Problem description:
What must be written out is each line from the one holding "7. 8字型 (宁波效实中学自主招生)如图,在△ABC" through the end of the records, word for word, minus any pictures.

(Stored items from a collection)

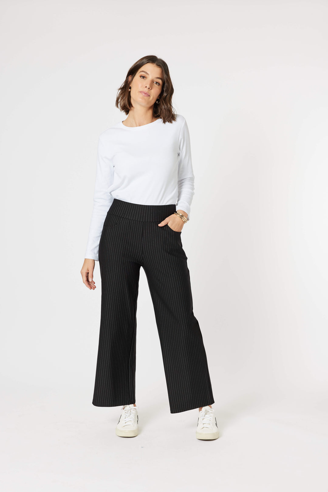 - Unleash your inner fashionista with the Nicky Wide Leg Pinstripe Pant!
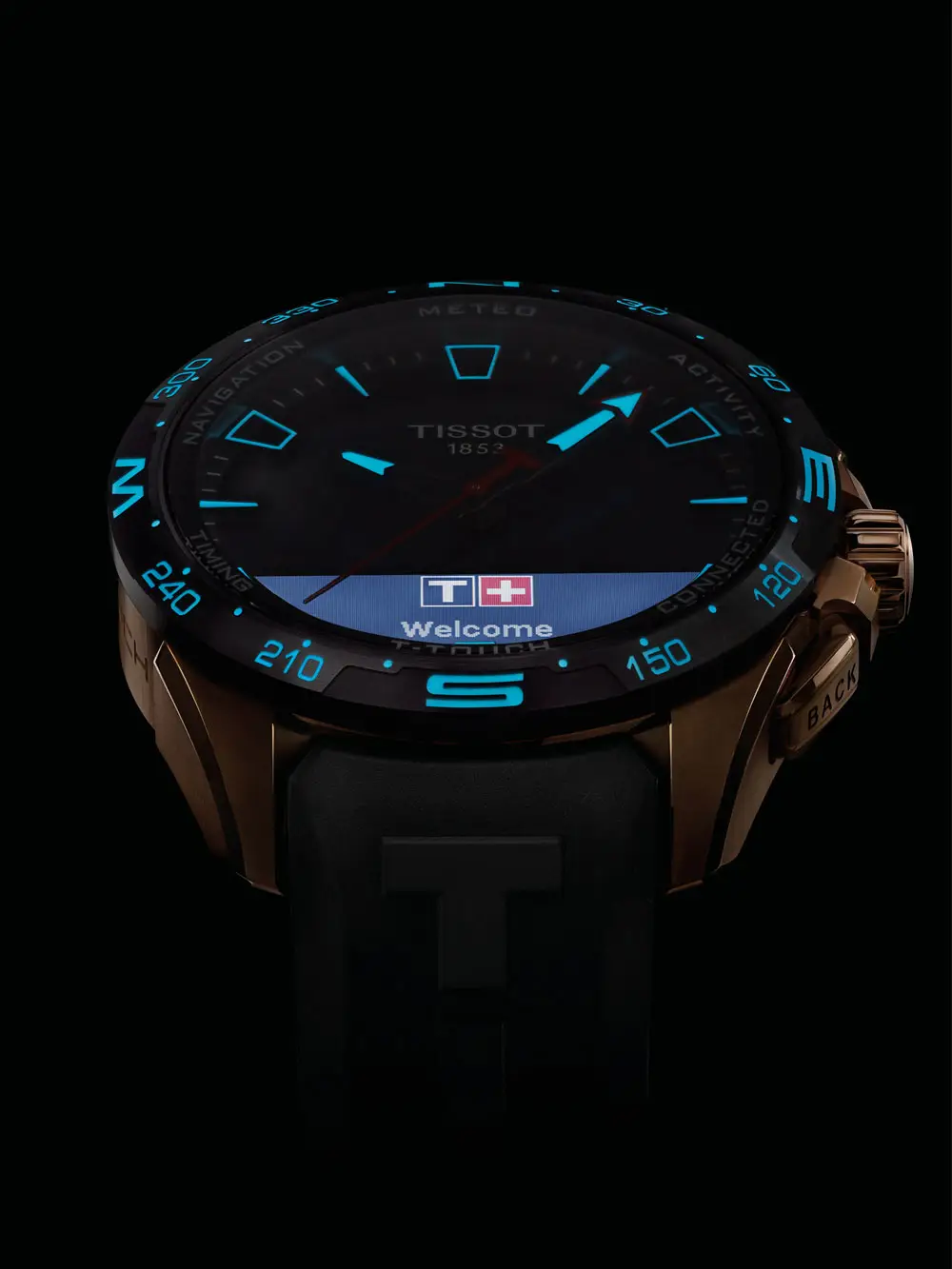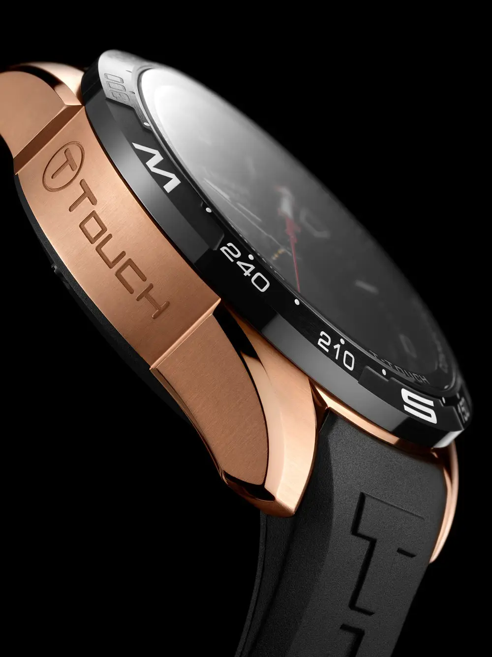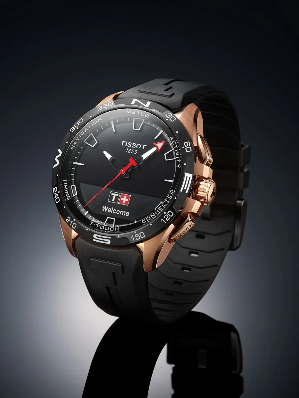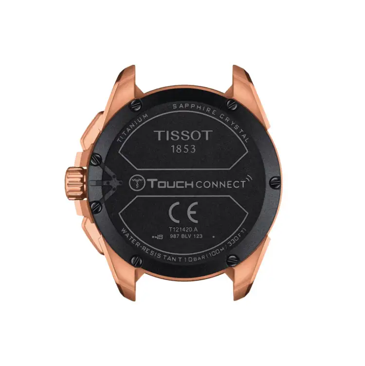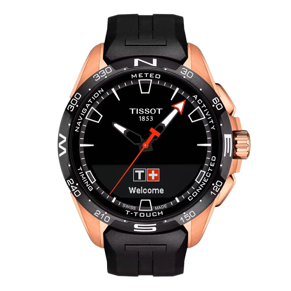 Tissot T-Touch Connect Solar — это воплощение современных технологий, солнечной энергии и спортивного швейцарского дизайна. Эти часы сочетают в себе традиционное часовое мастерство и функции смарт-устройств, занимая место между классическими и умными часами. Корпус из титана с розовым PVD-покрытием и керамический безель дополняют гибридный аналогово-цифровой циферблат, защищённый сапфировым стеклом, устойчивым к царапинам.
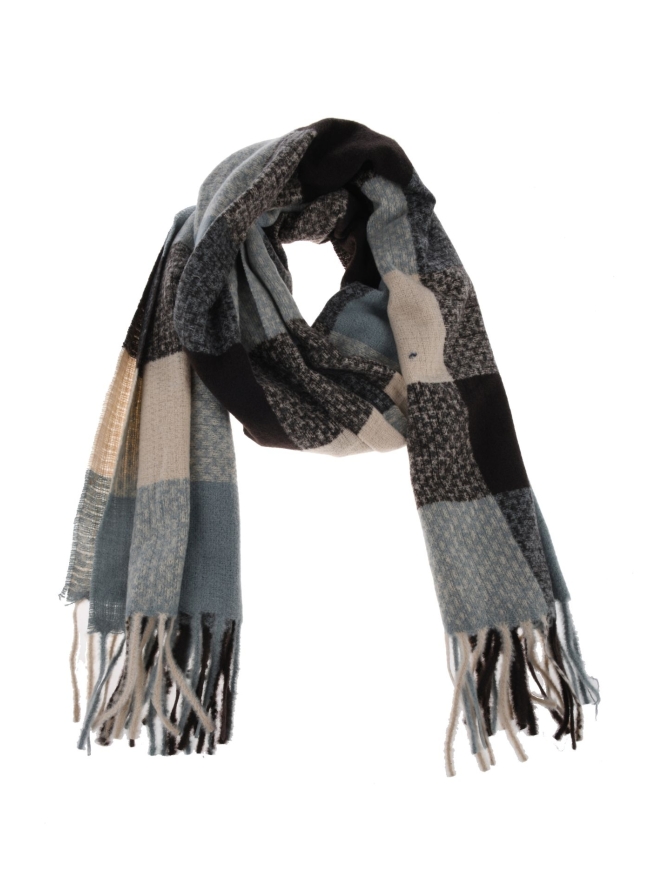Geruite sjaal in blauw en bruintinten met een afmeting van 65 x 180 cm.
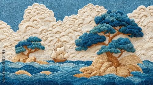 © 69, Naklejka premium Tranquil Coastal Scene Featuring Embroidered Trees, Sailing Ship, and Waves on Textured Fabric Background in Vibrant Colors
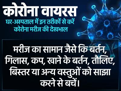 मरीज का सामान जैसे कि बर्तन, गिलास, कप, खाने के बर्तन, तौलिए, बिस्तर या अन्य वस्तुओं को साझा करने से बचें।
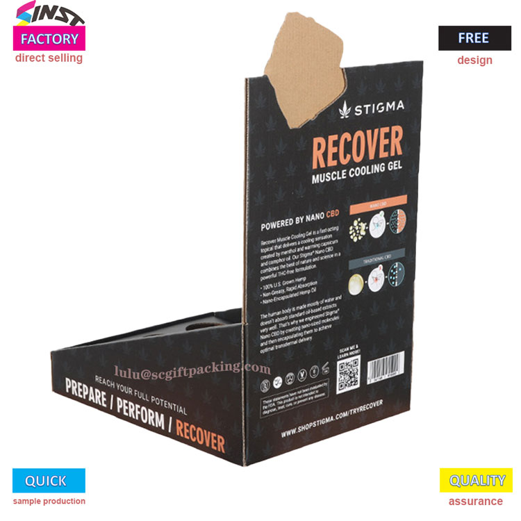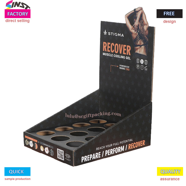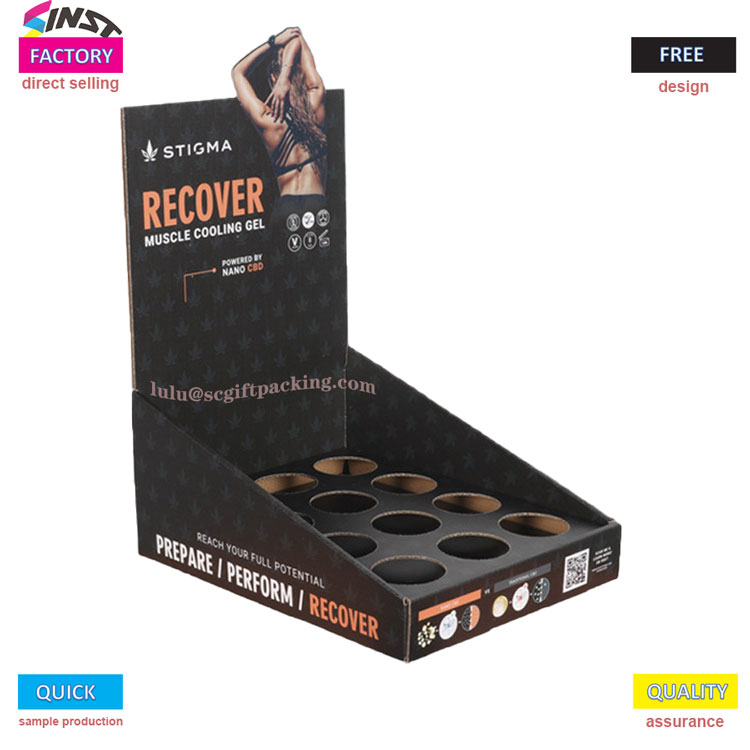 Sa bhosca taispeána táirge sláinte seo le páipéar spáis folamh tá aeistéitic íostach le stampáil te chúlra dubh agus éifeacht amhairc chumhachtach, ag cur béime ar an bpríomhphointe díola a bhaineann le scíthe matáin tar éis aclaíochta. Glacann an raca taispeána dearadh stórála poll ciorclach il eangaí, a chobhsaíonn an taispeántas ach a scaoileann uigeacht na dtáirgí freisin,
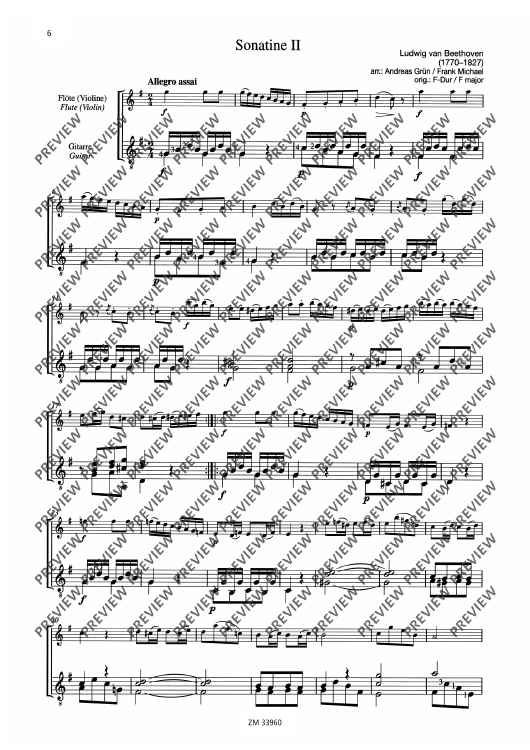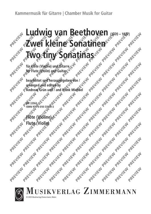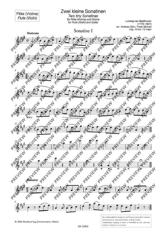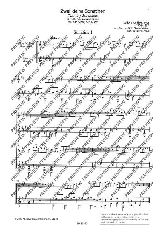 There are still doubts about whether or not the two sonatinas (originally meant for piano in G major and F major) are genuine. Due to their low level of difficulty, they are part of the standard repertoire of every piano student, and it was their popularity which brought about the arrangement presented here, mainly based on the original text.
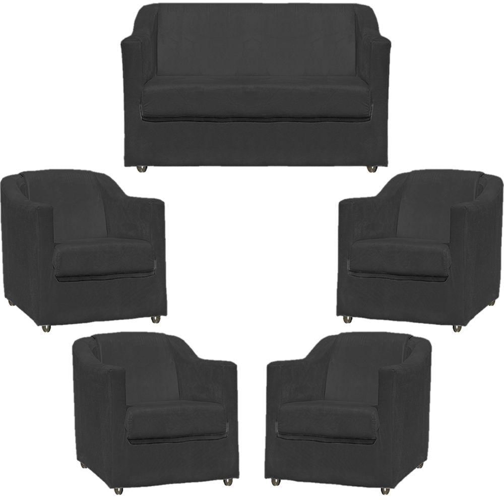 Kit Namoradeira Decorativa + 4 Poltronas Para Sala Manicure Recepção Consultório Mila Suede
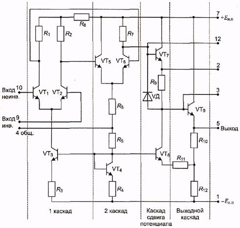 Рис. 7.17 Схемотехника ОУ В состав ОУ входит несколько каскадов. Наиболее простое схемное решение имеет ОУ К140УД1 (рис. 7.18), изготовленный на кремневой пластине размером 1,1 х 1,1 мм и содержащий 9 транзисторов. Входной дифференциальный каскад выполнен на транзисторах VT1 и VT2, он питается от генератора стабильного тока на транзисторах VТ3 и VT4 Второй дифференциальный каскад выполнен на транзисторах VT5 и VT6. Схема сдвига потенциала образована транзистором VT7, резистором R9 и генератором стабильного тока VT8. Выходной каскад на транзисторе VT9 представляет собой эмиттерный повторитель, охваченный неглубокой положительной обратной связью, компенсирующей ослабление сигнала схемой сдвига потенциала. Обратная связь осуществляется путем подачи части выходного сигнала на эмиттер VT8, который включен для этого сигнала по схеме с ОБ, и затем на базу эмиттерного повторителя VT9. Схема обеспечивает сравнительно невысокий коэффициент усиления К u = 2 х 103, дает ослабление синфазного сигнала Косл.сф. = 60 дБ и имеет невысокое входное сопротивление Rвх = 4 кОм.
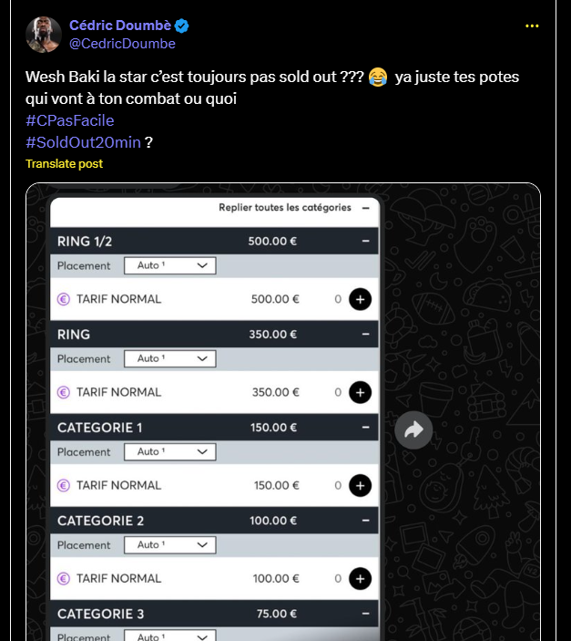 Wesh Baki la star c’est toujours pas sold out ??? 😂 ya juste tes potes qui vont à ton combat ou quoi
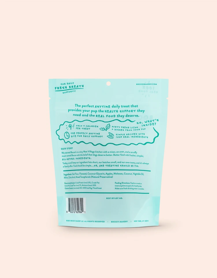 Ingredients: Oat Flour, Flaxseed, Coconut Glycerin, Apples, Molasses, Coconut, Vegetable Oil, Mint, Citric Acid (Natural Preservative), Mixed Tocopherols (Natural Preservative)
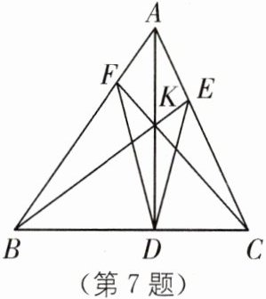 7. 8字型 (宁波效实中学自主招生)如图,在△ABC 中,AD 是 BC 边上的高,K 为 AD 上一点,连结 BK 并延长交 AC 于点 E,连结 CK 并延长交 AB 于点 F. 求证:∠ADE= ∠ADF.
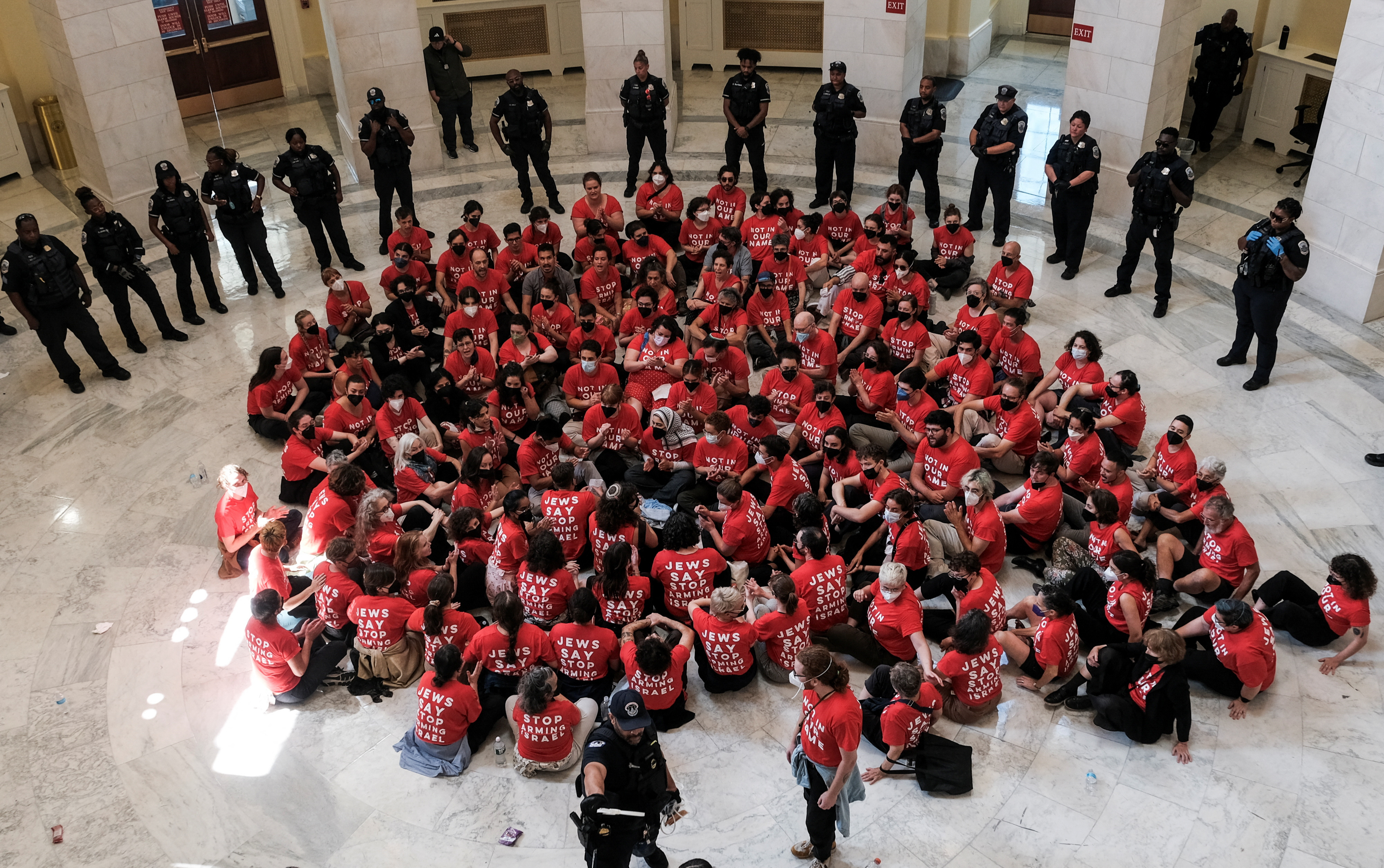 23์ผ ๋นจ๊ฐ„ ํ‹ฐ์…”์ธ ๋ฅผ ์ž…์€ ์‚ฌ๋žŒ๋“ค์ด ๋ฏธ๊ตญ ์—ฐ๋ฐฉํ•˜์› ์˜์›ํšŒ๊ด€ ๋ฐ”๋‹ฅ์— ๋น™ ๋‘˜๋Ÿฌ์•‰์•˜์Šต๋‹ˆ๋‹ค. ์—ฐ๋ฐฉ์˜ํšŒ ์—ฐ์„ค์„ ์•ž๋‘” ๋ฒ ๋ƒ๋ฏผ ๋„คํƒ€๋ƒํ›„ ์ด์Šค๋ผ์—˜ ์ด๋ฆฌ์—๊ฒŒ ๊ฐ€์ž ์ „์Ÿ ์ข…์‹์„ ์š”๊ตฌํ•˜๋ ค๊ณ  ๋ชจ์ธ ๊ฑด๋ฐ์š”. ์ด๋“ค์˜ ์˜ท์—” "(๋ฏธ๊ตญ์€) ์ด์Šค๋ผ์—˜์— ๋ฌด๊ธฐ ์ˆ˜์ถœ์„ ํ•˜์ง€ ๋ง๋ผ"๊ณ ๋„ ์“ฐ์—ฌ์žˆ์Šต๋‹ˆ๋‹ค.

Answer to this task:
 7. 8字型 (宁波效实中学自主招生)如图,在△ABC 中,AD 是 BC 边上的高,K 为 AD 上一点,连结 BK 并延长交 AC 于点 E,连结 CK 并延长交 AB 于点 F. 求证:∠ADE= ∠ADF.
 23์ผ ๋นจ๊ฐ„ ํ‹ฐ์…”์ธ ๋ฅผ ์ž…์€ ์‚ฌ๋žŒ๋“ค์ด ๋ฏธ๊ตญ ์—ฐ๋ฐฉํ•˜์› ์˜์›ํšŒ๊ด€ ๋ฐ”๋‹ฅ์— ๋น™ ๋‘˜๋Ÿฌ์•‰์•˜์Šต๋‹ˆ๋‹ค. ์—ฐ๋ฐฉ์˜ํšŒ ์—ฐ์„ค์„ ์•ž๋‘” ๋ฒ ๋ƒ๋ฏผ ๋„คํƒ€๋ƒํ›„ ์ด์Šค๋ผ์—˜ ์ด๋ฆฌ์—๊ฒŒ ๊ฐ€์ž ์ „์Ÿ ์ข…์‹์„ ์š”๊ตฌํ•˜๋ ค๊ณ  ๋ชจ์ธ ๊ฑด๋ฐ์š”. ์ด๋“ค์˜ ์˜ท์—” "(๋ฏธ๊ตญ์€) ์ด์Šค๋ผ์—˜์— ๋ฌด๊ธฐ ์ˆ˜์ถœ์„ ํ•˜์ง€ ๋ง๋ผ"๊ณ ๋„ ์“ฐ์—ฌ์žˆ์Šต๋‹ˆ๋‹ค.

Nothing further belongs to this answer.